To add to its misery, Bangladesh’s trade access will also narrow from 2029. The EU currently gives zero import tariffs to countries classified as “Least Developed Countries” (LDC) under a scheme called Everything But Arms. This is essentially a gift to the world’s poorest nations to help their exports compete. Bangladesh qualifies as an LDC, which is why its garments walk into European stores paying nothing, while Indian garments face a 9 to 12% tariff.
But its success has made Bangladesh wealthy enough that the UN wants it to graduate out of LDC status. For now, it has a 3-year extension that’ll go on till November 2029. After that, however, it will lose its zero-tariff benefit unless it can qualify for a separate EU scheme called GSP+, which offers partial duty-free access to developing countries that meet certain labor rights and governance conditions. Nobody knows yet whether Bangladesh will qualify.
India, meanwhile, is negotiating a full free trade agreement with the EU. If that deal closes around the same time, Indian garments could enter the EU at zero tariff for the first time, just as Bangladesh is losing its own preferential access.
In the US, India faced tariffs on textile exports as high as 50% at the peak in mid-2025. While we can say nothing about the United States with certainty these days, for now, the tariff rate is set at 10%.
And the government, meanwhile, is actively pushing export competitiveness. There are now 7 PM-MITRA textile parks in development, with a budget of Rs. 4,445 crore, which are designed to co-locate spinning, weaving, dyeing, and garmenting under one roof. If this works out, it could bring the fragmentation problem to a close, and slash the lead time gap that has held us back.
The part that’s harder to answer
There’s a lot of detail we are yet to explore in India’s second largest industry. Gaining market share isn’t easy even now; and our success is conditioned on many variables falling into place.

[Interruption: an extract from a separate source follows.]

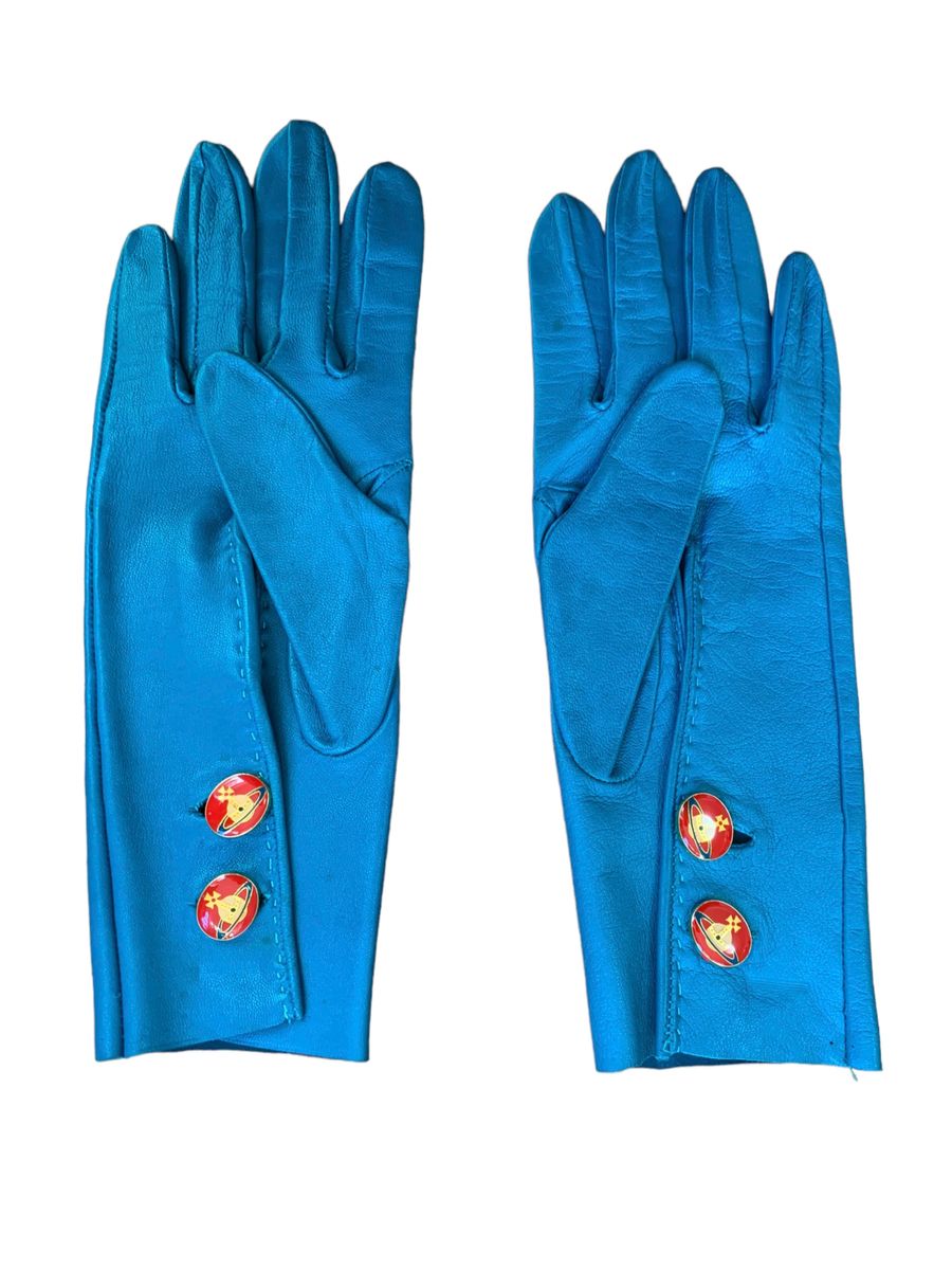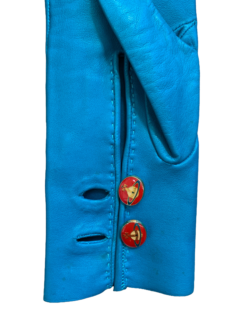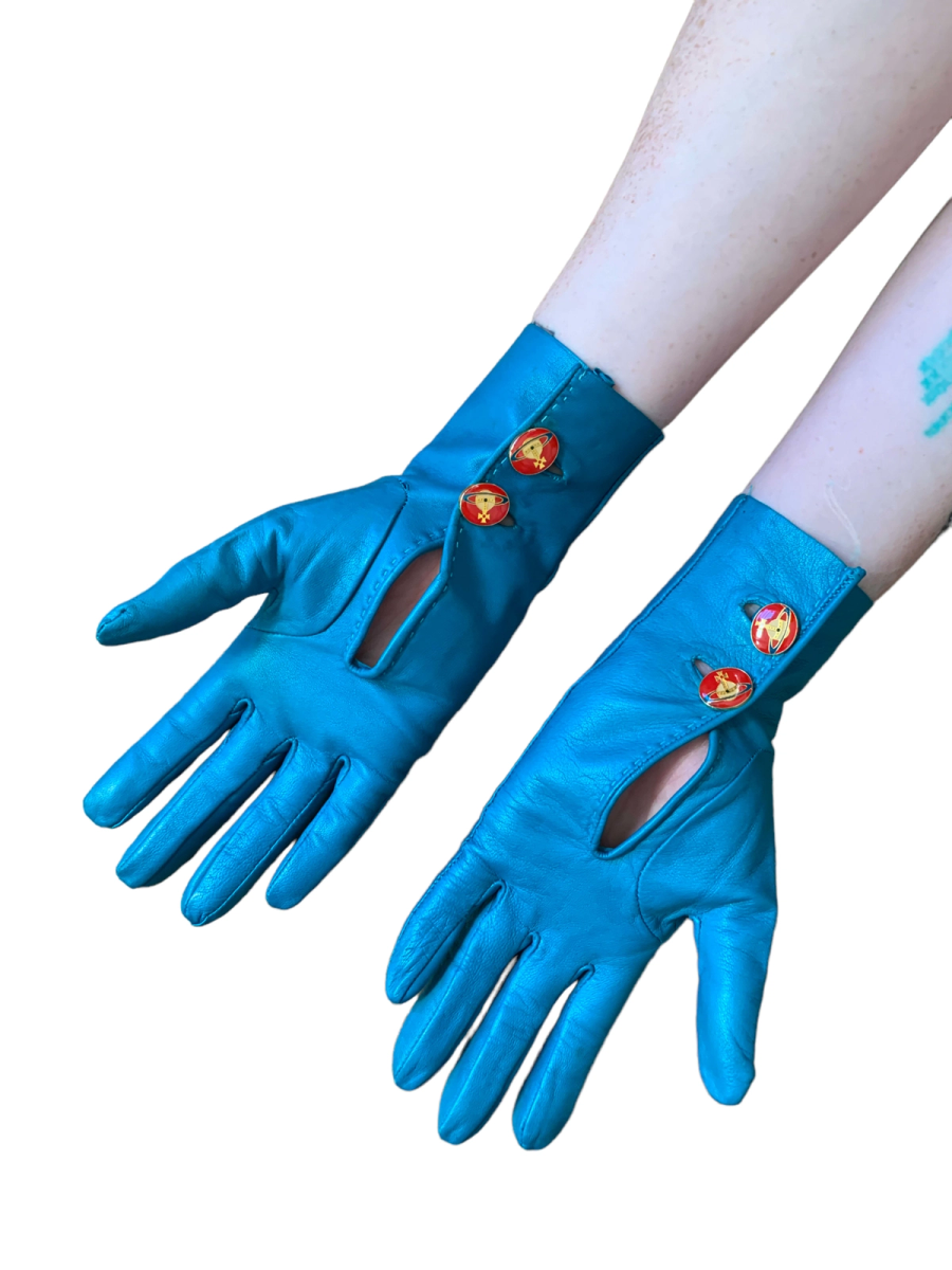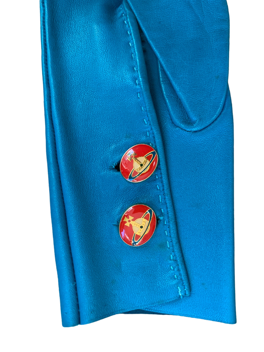 Vintage and rare 90s Vivienne Westwood leather gloves. The gloves are made of a vibrant and unique turquoise leather. They have opulent red enamel Westwood orb buttons. Made in England. The gloves have a very minor imperfection (see last image) otherwise they are in outstanding vintage condition.
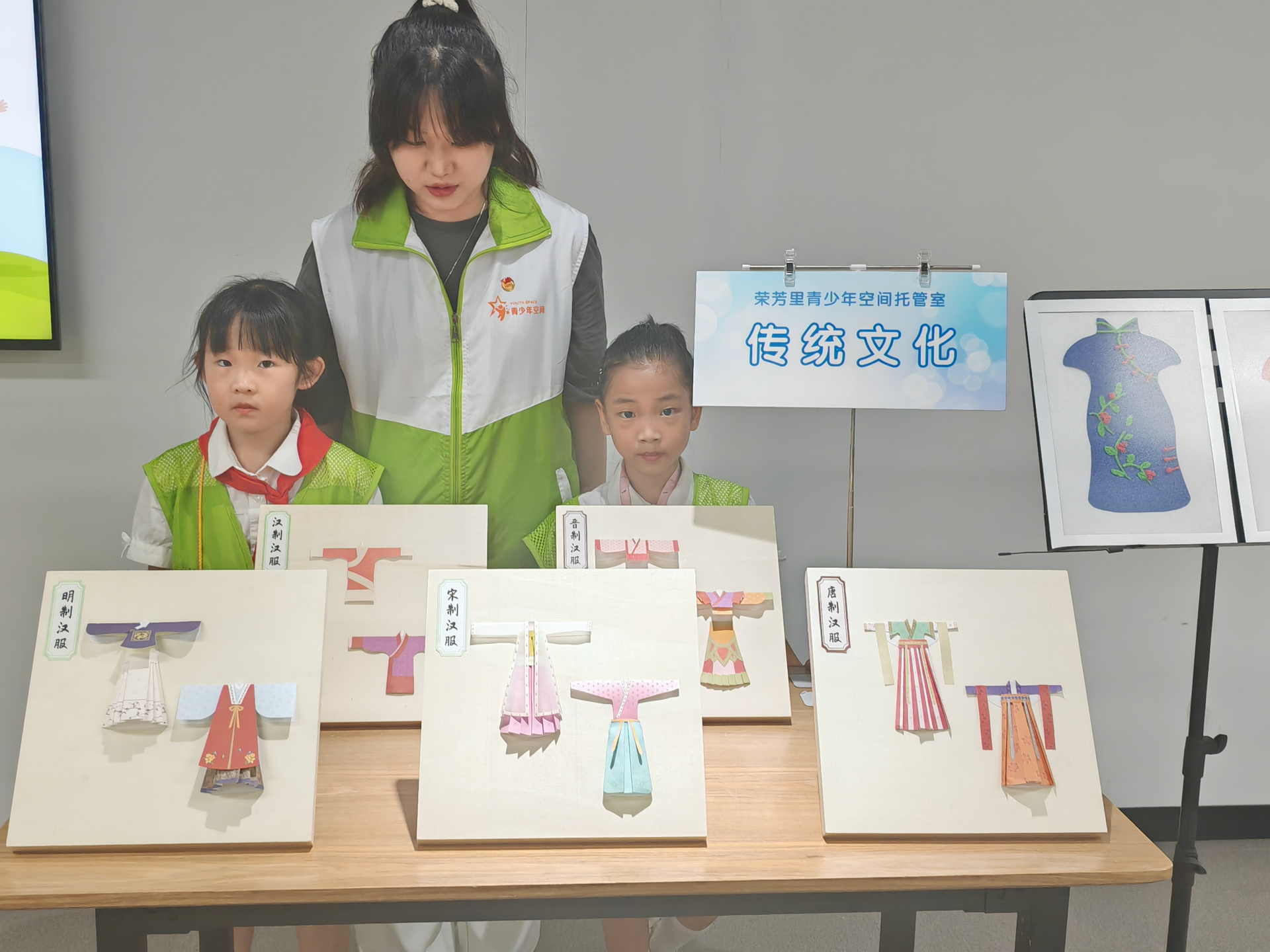 每周进行红色电影赏析,每日一练硬笔书法和朗诵背诵,同时穿插着多样的创意手工活动,培养孩子们的想象力和创造力。此外,荣芳里社区青少年空间还以“传统文化”为主题开展了社区特色课程,通过手工体验等活动带领40名辖区青少年儿童了解造纸术、皮影戏、青花瓷、刺绣等传统工艺,学习传统文化。

Right now, there are hundreds of power loom owners, in small towns like Bhiwandi. Many have been running the same machine for years, braving tumultuous changes to their yarn costs, because they lack the ability to retool for synthetics. The new industrial parks could take years to come up. In the meanwhile, can they begin a turn of India’s fortunes, beating out international competition and bagging contracts?
A lot of the future direction of the industry hinges on questions like this.
Can we find jobs for the next billion workers?
There’s a puzzle in the field of development economics: through the 2010s, the average developing economy grew more than 3% faster than the average rich one. And yet, across the decade, their employment levels grew barely 0.2% faster. For all that extra growth, the jobs dividend was a mere rounding error.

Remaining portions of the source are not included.